WRONG AMOUNT OFFER: Among the importance of the EMD is to display your seriousness of wanting a home to the seller. In a competitive market has lots of valuable offers, setting a high EMD can be the factor that separates you from other buyers. Support a larger EMD if you think it will ensure the sale.

BUYING BASED ON INSTINCT: Although it is of great importance it would be of a great disaster if you offer an EMD without first being certain if the home is what you want or not.

DEPOSITING YOUR EARNEST MONEY DEPOSIT: If the standard REPC omits using a title company in the reprinted language. The REPC may assume the buyer will deliver the money to their agent who will then deposit the money into their brokerage trust account. The buyer and his/her agent may have the EMD money held to a title company. No problem. Just include language on an appendix that says what title company will hold the funds.

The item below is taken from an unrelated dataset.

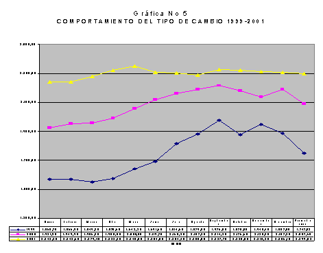 Durante el último año, la suerte del dólar estuvo determinada en buena parte por el comportamiento de los recursos monetarios nacionales, en materia de desembolsos de dinero y colocación de documentos en el mercado como estrategia de prefinanciación del gasto adoptado por el Gobierno; sin embargo, no se otorgó a la economía recursos suficientes que dinamizaran los medios de pago; pese a lo anterior, la implantación de medidas restrictivas causaron un efecto de disminución del circulante que se tradujo en el comportamiento del precio del dólar para determinar el tipo de cambio y permitir su estabilidad, como se observa en la gráfica No 5, presentándose variaciones significativas principalmente durante el segundo semestre del año. "Así, a 31 de diciembre la tasa de cambio real cerró en $2.291.18, lo que correspondió a una devaluación anual al cierre del año del 2.8%, por debajo de las expectativas del mercado" [3]

MISHANDLING YOUR EARNEST MONEY DEPOSIT: When you make an offer or submit an earnest money deposit, have all the information. Many make the mistakes of not knowing who to give their deposits and some of these mistakes include directly offering your earnest money deposit to your seller.

CONTINGENCY REMOVAL: If eventually the deal of a real estate didn’t go through, the seller and buyer are both required to sign a document that legally renders the initial sale useless. Deleting the loan constituency clause that you wisely incorporated in your original offer. It’s a major error made by buyers especially if they love a property in areas where homes sell at a fast rate removing contingency affects the buyer and could eventually cause a loss of their earnest money. Contingencies which could be home inspection and home appraisal help protect you as a buyer especially if you back out of a deal because of something such as home inspection or appraisal and you have the contingency written in the offer and they will return your earnest money. Not including constituencies for financing and inspections in the contract without including the deposits you could give up, if the buyer can’t get financing or if they find a serious defect during the inspection.

KNOWING WHY AND WHEN TO WALK AWAY: Walking away from your earnest money deposit is difficult but sometimes it is the most reasonable decision to make most especially if a home is not in your best interest. It is better to lose money than to purchase a house you don’t have an interest in or you cannot afford.

GOOD RISK AND BAD RISK: There are certain risks that affect buyers. For example, if you are making an earnest money deposit on a house being sold “as is” we need a proper understanding. What it means is you will not have a contingency of a home inspection to fall back on. You agree to purchase the house in its exact present condition regardless of its problems. Which means your deposits are not refundable.

Not reading, understanding and abiding by the terms of the contract buyer and it could lead to losing the deposit and house. When you don’t handle deposits by a payable to a reliable party such as a popular and trusted or established real estate brokerage, a legal agency, an escrow or title firm.

Accepting the seller with the lowest offer without regard to other contractual terms.